*** Opening of Given information ***

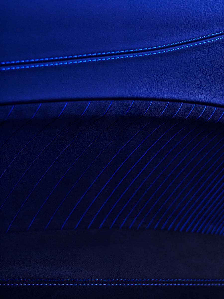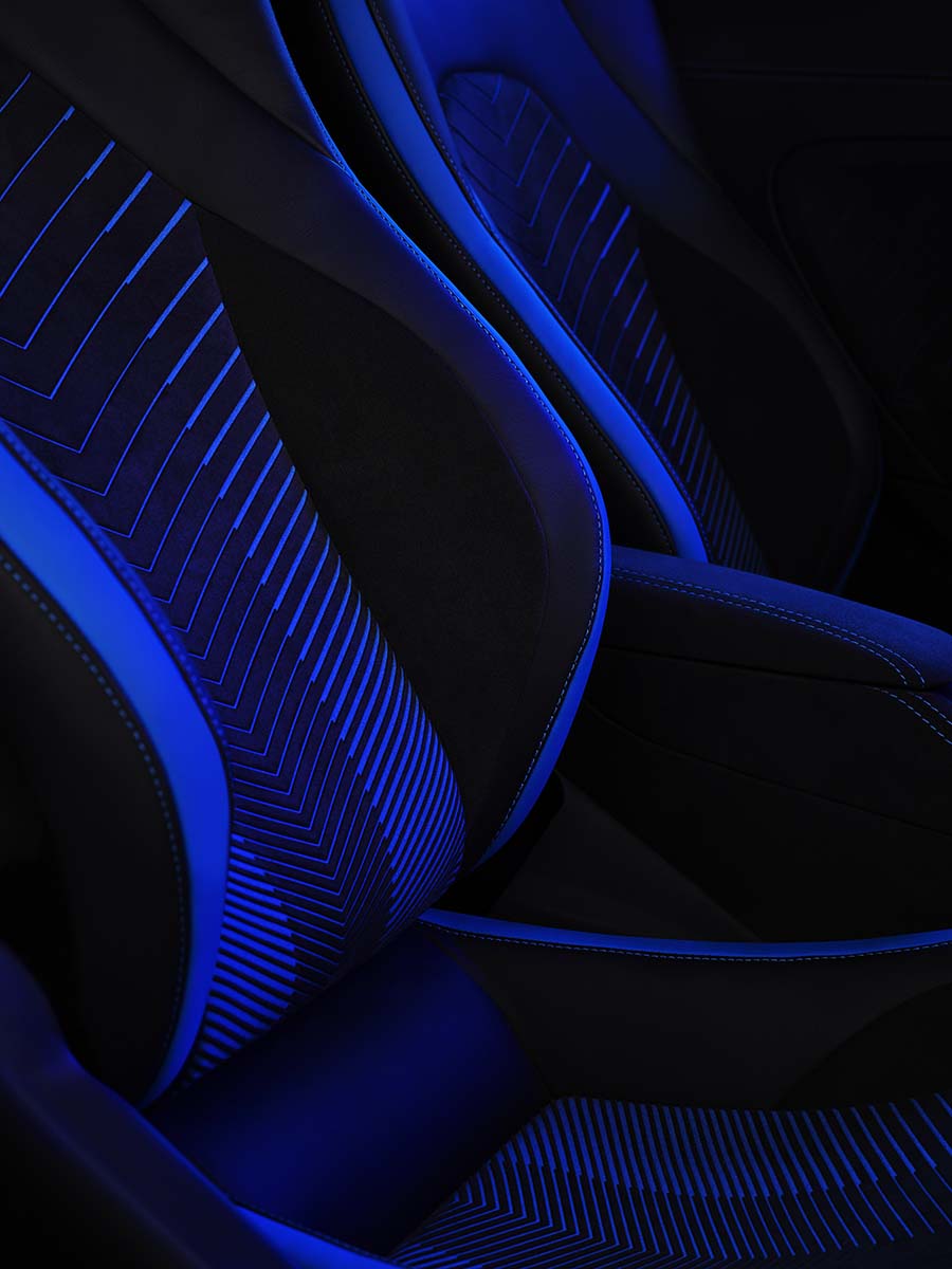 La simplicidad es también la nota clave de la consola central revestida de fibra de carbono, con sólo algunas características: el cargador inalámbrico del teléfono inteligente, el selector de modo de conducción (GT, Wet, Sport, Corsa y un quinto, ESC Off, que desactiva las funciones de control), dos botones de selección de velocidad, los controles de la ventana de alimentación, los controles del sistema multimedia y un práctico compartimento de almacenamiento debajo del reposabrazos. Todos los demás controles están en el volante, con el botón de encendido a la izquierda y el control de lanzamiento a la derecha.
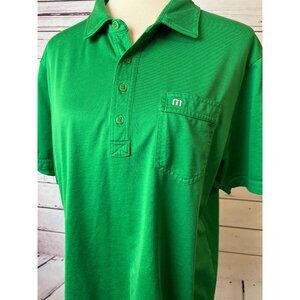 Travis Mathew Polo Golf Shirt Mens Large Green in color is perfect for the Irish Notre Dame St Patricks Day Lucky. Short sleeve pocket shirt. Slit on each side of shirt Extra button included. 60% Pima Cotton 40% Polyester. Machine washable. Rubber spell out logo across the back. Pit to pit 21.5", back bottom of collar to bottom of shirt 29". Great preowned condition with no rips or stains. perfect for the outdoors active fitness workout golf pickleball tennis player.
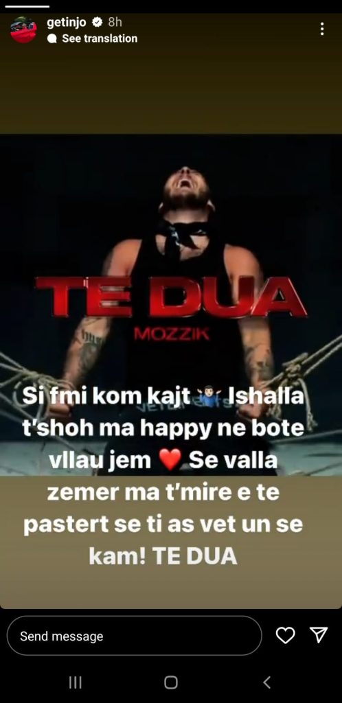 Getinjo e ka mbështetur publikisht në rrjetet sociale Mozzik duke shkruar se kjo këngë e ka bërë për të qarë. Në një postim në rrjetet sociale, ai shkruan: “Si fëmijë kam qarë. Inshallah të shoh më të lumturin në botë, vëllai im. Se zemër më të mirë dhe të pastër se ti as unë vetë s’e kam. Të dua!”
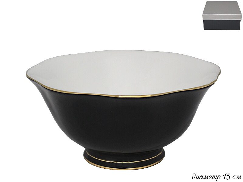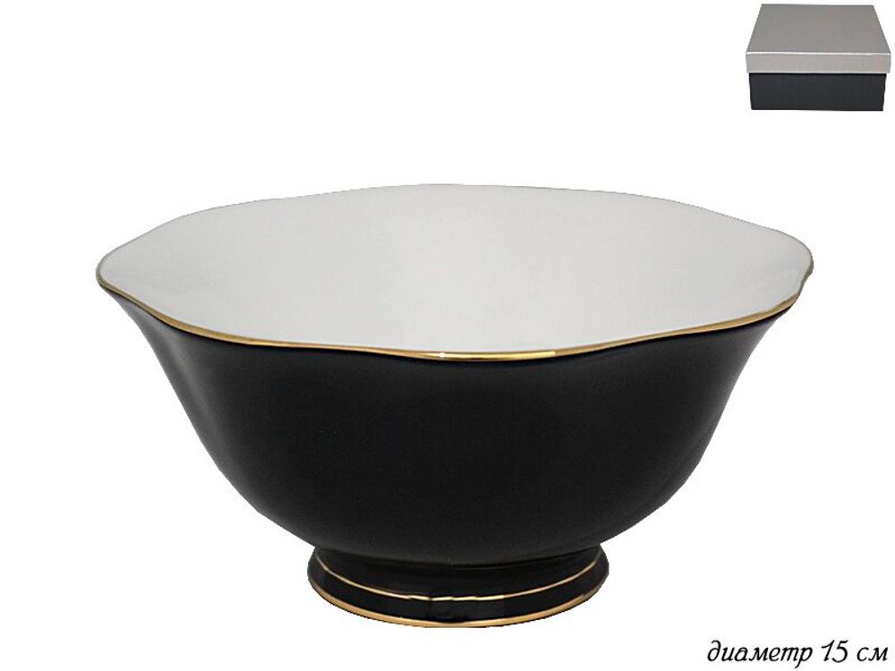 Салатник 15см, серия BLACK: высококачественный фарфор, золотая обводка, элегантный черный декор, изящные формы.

*** Close of Given information ***

#### Required action
Set down word for word each line from the one containing "Getinjo e ka" through the end of the material, and keep the pictures out of it.

#### Answer section
 Getinjo e ka mbështetur publikisht në rrjetet sociale Mozzik duke shkruar se kjo këngë e ka bërë për të qarë. Në një postim në rrjetet sociale, ai shkruan: “Si fëmijë kam qarë. Inshallah të shoh më të lumturin në botë, vëllai im. Se zemër më të mirë dhe të pastër se ti as unë vetë s’e kam. Të dua!”
 Салатник 15см, серия BLACK: высококачественный фарфор, золотая обводка, элегантный черный декор, изящные формы.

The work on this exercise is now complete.